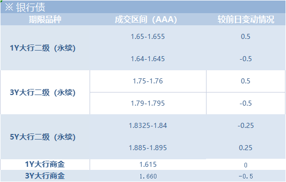 今日银行债成交情绪不减,成交收益开盘后全天震荡不止。截止收盘,二级短端多成交在估值至估值+0.5bp附近,成交收益率较上周五上行0.5bp左右;二级长端多成交在估值至估值-0.5bp附近,成交收益率较上周五下行0.5bp左右。永续短端多成交在估值至估值-0.5bp附近,成交收益率较上周五下变化不大;永续长端多成交在估值至估值-0.25bp附近,成交收益率较上周五上行0.25bp左右。商金短端多成交在估值附近,成交收益率较上周五变化不大,商金长端多成交在估值至估值-0.5bp附近,较上周五下行0.5bp左右。5Y大行二级尾盘落在1.84附近,5Y大行永续落在1.8925附近;3.3Y大行二级落在1.77附近,3.14Y大行永续落在1.815附近,2.81Y国股商金落在1.67附近。今日二级短端以基金、券商和理财子为主要买盘,二级长端以保险资管、券商和基金为主要买盘;永续短端以理财子、券商和基金为主要买盘,永续长端以基金、保险资管和券商为主要买盘;商金债买盘以基金、券商和银行为主要买盘。
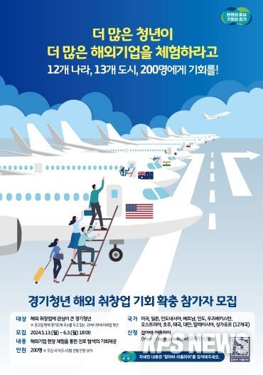 경기도와 경기도경제과학진흥원은 5월 13일부터 6월 3일까지 12개국 13개 도시에서 ‘경기청년 해외 취창업 기회 확충’ 사업에 참여할 경기도 청년 200명을 공개 모집한다.
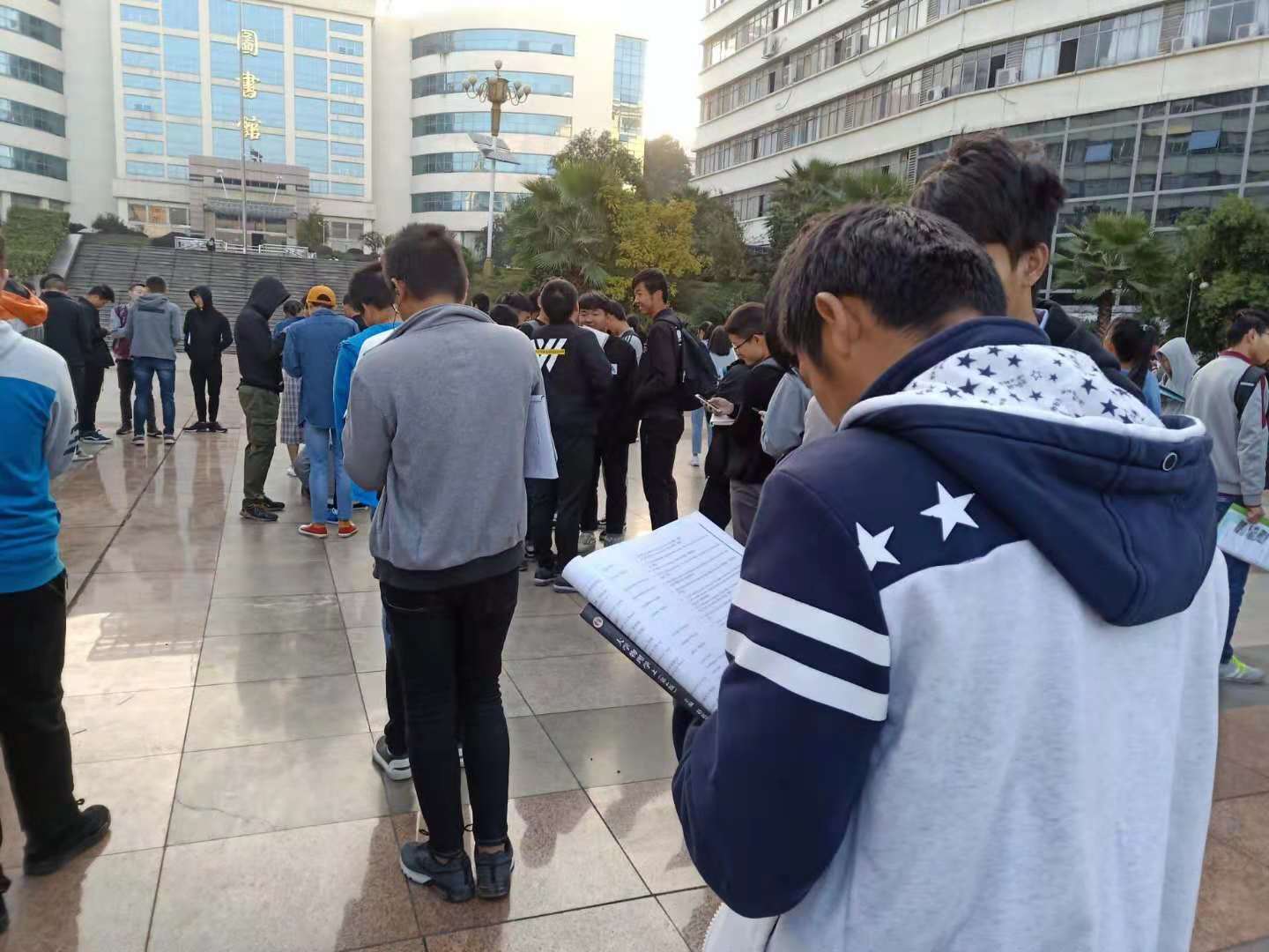 伴着阵阵凉风,同学们跑向毛泽东小广场,参加机电公司晨读。只见上面几名女生口嘴之中不停吐露英文词句,不时闭上双眼体悟英语的真谛。后排不少男生,晨起匆忙,便拿起手机用‘百词斩’APP背单词。寒风不断,热情未减。同学们拿出共青团员的意志,坚持在寒风中艰苦学习。各班共同晨读,不仅促进大家的团结意识,还促进竞争,比赛,拿优的意识。相邻各班级的朗读声更是此消彼长,不分上下。同学们在晨读中感悟深刻,部分人认为晨读主要是磨炼意志,部分人认为晨读主要是提高学习成绩,但更多的是公司对我们的殷切期待。
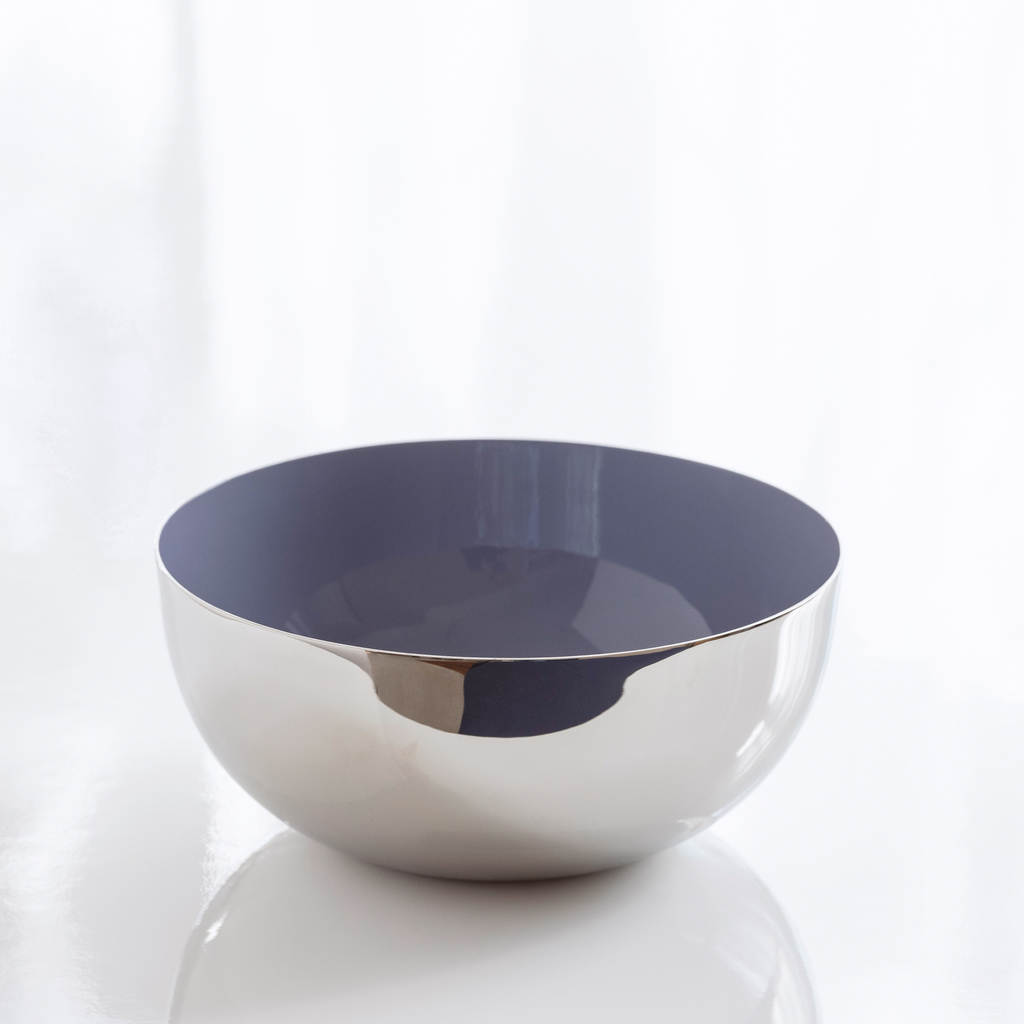 Schlichte Schalen aus massivem Messing, die innen mit einer Schicht aus Kaltemaille überzogen und außen vernickelt sind. Kaltemaille findet sich ansonsten vor allem in der Schmuckherstellung, wo normalerweise nicht mit heißer Glasschmelze gearbeitet werden kann. Die Farbpigmente werden hier zusammen mit hochwertigem Kunstharz verarbeitet, wie man es z. B. von teuren Schreibgeräten kennt. Solcherart hergestellte Kaltemaille lässt sich außerordentlich glatt verarbeiten und bietet einen herrlichen, tiefen Farbglanz. Die Außenseite ist hochglanzpoliert, mit einer Schicht Schutzlack überzogen und zeigt den für Nickel typischen, sich von Chrom oder Silber durch eine minimal wärmere Nuance abhebenden Farbton.
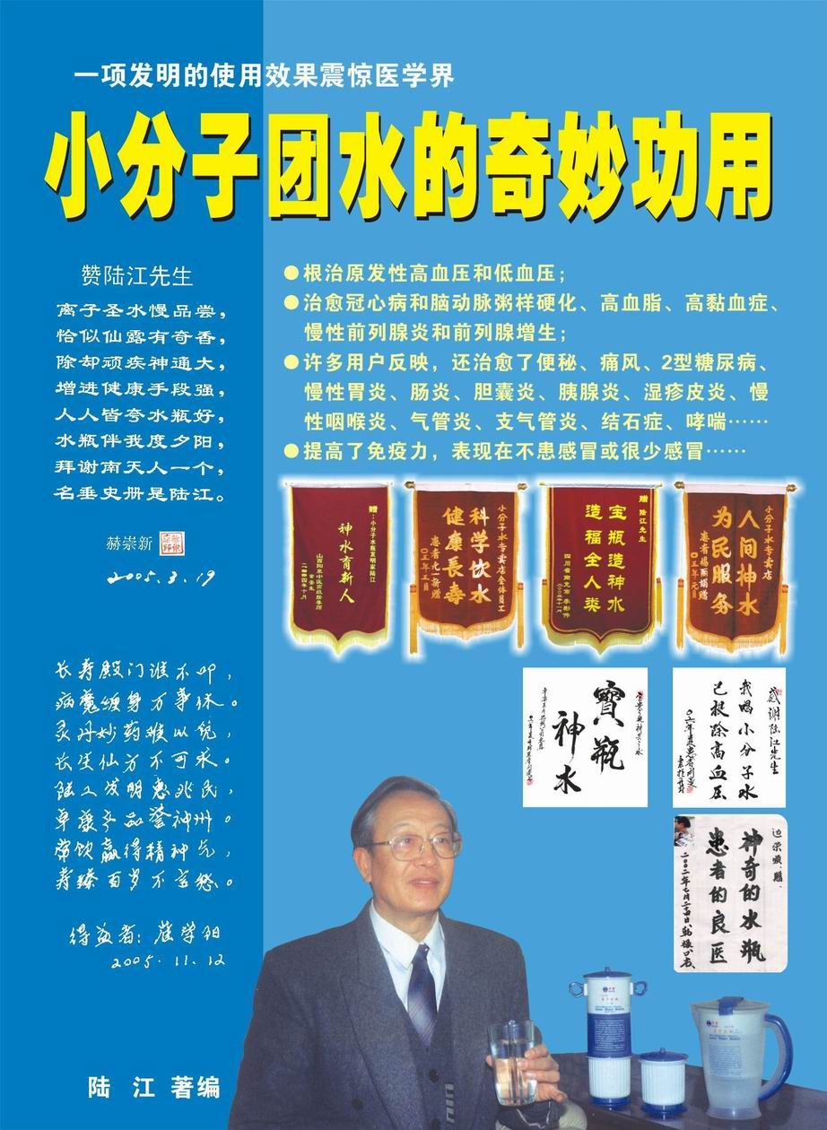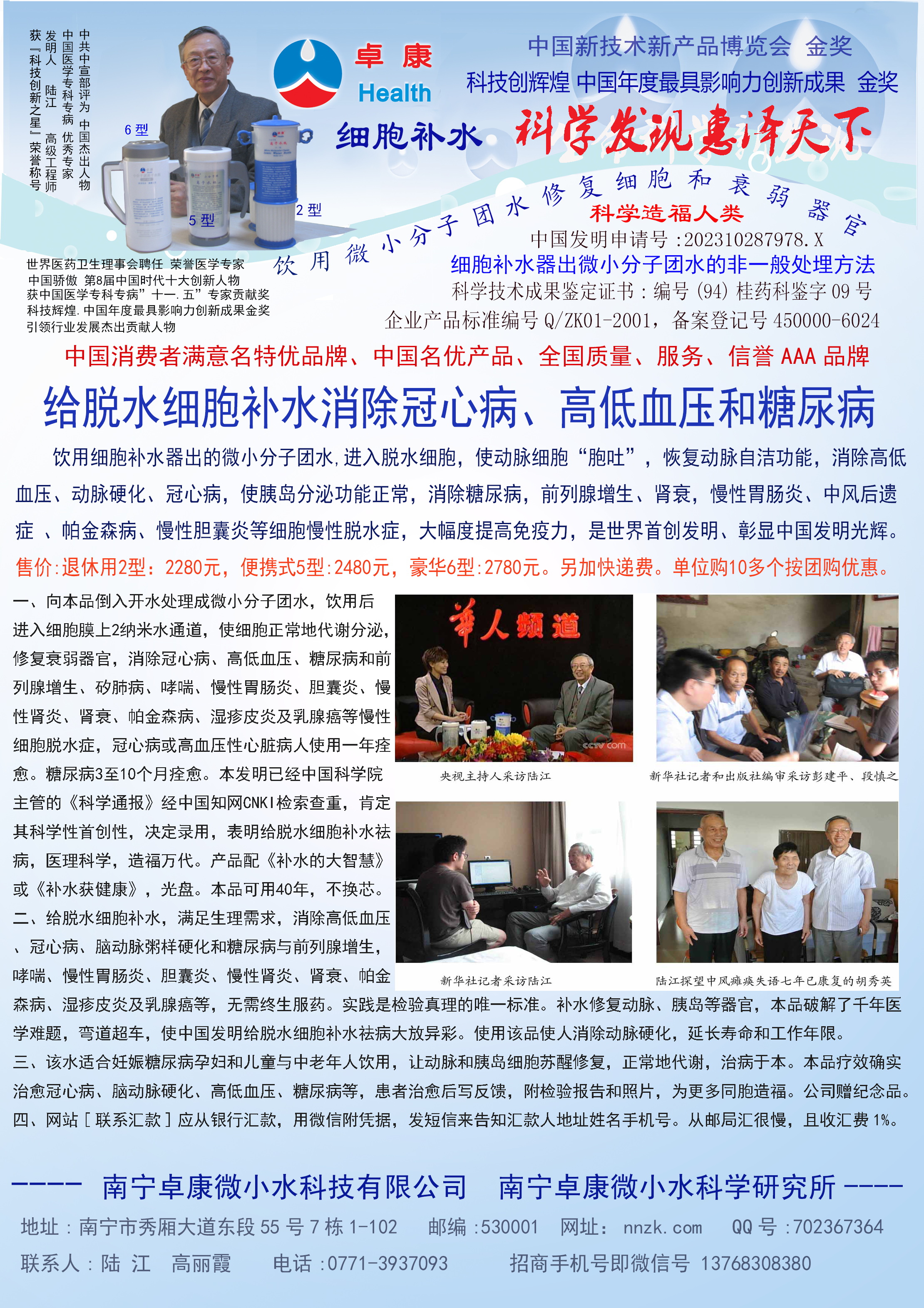 人類幾千年來患以上病癥需終生服藥,幾十年也不能治愈??墒俏覈?guó)南寧的高級(jí)工程師陸 江,于1990年想根治高血壓,研究發(fā)明了離子水瓶,處理出微小分子團(tuán)水供飲用,經(jīng)過醫(yī)院臨床試用和專家鑒定,1999年獲中國(guó)發(fā)明專利權(quán),產(chǎn)品于2000年投放市場(chǎng)后一直跟蹤調(diào)查,據(jù)全國(guó)各地用戶反饋:祛除了高低血壓、糖尿病和冠心病,并使前列腺增生、咽喉炎、鼻竇炎、慢性氣管炎、支氣管炎、矽肺病、哮喘、慢性胃炎、腸炎、慢性膽囊炎、慢性腎炎、腎衰、膀胱炎、便秘、痔瘡、風(fēng)濕性關(guān)節(jié)炎和濕疹皮炎及中風(fēng)后遺癥等病癥不藥而愈。為什么喝微小水能治20多種?。筷?nbsp;江從1991年德國(guó)科學(xué)家發(fā)現(xiàn)細(xì)胞膜水通道僅為2納米獲得啟發(fā),認(rèn)為多種器官患病是因細(xì)胞脫水,不能正常代謝和分裂增殖,才使器官細(xì)胞減少致衰弱萎縮而形成細(xì)胞缺水性病癥。22年來的實(shí)踐有力地支持了“細(xì)胞脫水致病”這一重要論點(diǎn),表明喝微小水可滿足細(xì)胞的生理需求,補(bǔ)水就能祛病,是生命科學(xué)新亮點(diǎn)。

----------

Problem to work on
Give back exactly the lines from the line with "경기도와 경기도경제과학진흥원은 5월" through the end of the material above, and omit every picture.

Exercise solution
 경기도와 경기도경제과학진흥원은 5월 13일부터 6월 3일까지 12개국 13개 도시에서 ‘경기청년 해외 취창업 기회 확충’ 사업에 참여할 경기도 청년 200명을 공개 모집한다.
 伴着阵阵凉风,同学们跑向毛泽东小广场,参加机电公司晨读。只见上面几名女生口嘴之中不停吐露英文词句,不时闭上双眼体悟英语的真谛。后排不少男生,晨起匆忙,便拿起手机用‘百词斩’APP背单词。寒风不断,热情未减。同学们拿出共青团员的意志,坚持在寒风中艰苦学习。各班共同晨读,不仅促进大家的团结意识,还促进竞争,比赛,拿优的意识。相邻各班级的朗读声更是此消彼长,不分上下。同学们在晨读中感悟深刻,部分人认为晨读主要是磨炼意志,部分人认为晨读主要是提高学习成绩,但更多的是公司对我们的殷切期待。
 Schlichte Schalen aus massivem Messing, die innen mit einer Schicht aus Kaltemaille überzogen und außen vernickelt sind. Kaltemaille findet sich ansonsten vor allem in der Schmuckherstellung, wo normalerweise nicht mit heißer Glasschmelze gearbeitet werden kann. Die Farbpigmente werden hier zusammen mit hochwertigem Kunstharz verarbeitet, wie man es z. B. von teuren Schreibgeräten kennt. Solcherart hergestellte Kaltemaille lässt sich außerordentlich glatt verarbeiten und bietet einen herrlichen, tiefen Farbglanz. Die Außenseite ist hochglanzpoliert, mit einer Schicht Schutzlack überzogen und zeigt den für Nickel typischen, sich von Chrom oder Silber durch eine minimal wärmere Nuance abhebenden Farbton.
 人類幾千年來患以上病癥需終生服藥,幾十年也不能治愈??墒俏覈?guó)南寧的高級(jí)工程師陸 江,于1990年想根治高血壓,研究發(fā)明了離子水瓶,處理出微小分子團(tuán)水供飲用,經(jīng)過醫(yī)院臨床試用和專家鑒定,1999年獲中國(guó)發(fā)明專利權(quán),產(chǎn)品于2000年投放市場(chǎng)后一直跟蹤調(diào)查,據(jù)全國(guó)各地用戶反饋:祛除了高低血壓、糖尿病和冠心病,并使前列腺增生、咽喉炎、鼻竇炎、慢性氣管炎、支氣管炎、矽肺病、哮喘、慢性胃炎、腸炎、慢性膽囊炎、慢性腎炎、腎衰、膀胱炎、便秘、痔瘡、風(fēng)濕性關(guān)節(jié)炎和濕疹皮炎及中風(fēng)后遺癥等病癥不藥而愈。為什么喝微小水能治20多種?。筷?nbsp;江從1991年德國(guó)科學(xué)家發(fā)現(xiàn)細(xì)胞膜水通道僅為2納米獲得啟發(fā),認(rèn)為多種器官患病是因細(xì)胞脫水,不能正常代謝和分裂增殖,才使器官細(xì)胞減少致衰弱萎縮而形成細(xì)胞缺水性病癥。22年來的實(shí)踐有力地支持了“細(xì)胞脫水致病”這一重要論點(diǎn),表明喝微小水可滿足細(xì)胞的生理需求,補(bǔ)水就能祛病,是生命科學(xué)新亮點(diǎn)。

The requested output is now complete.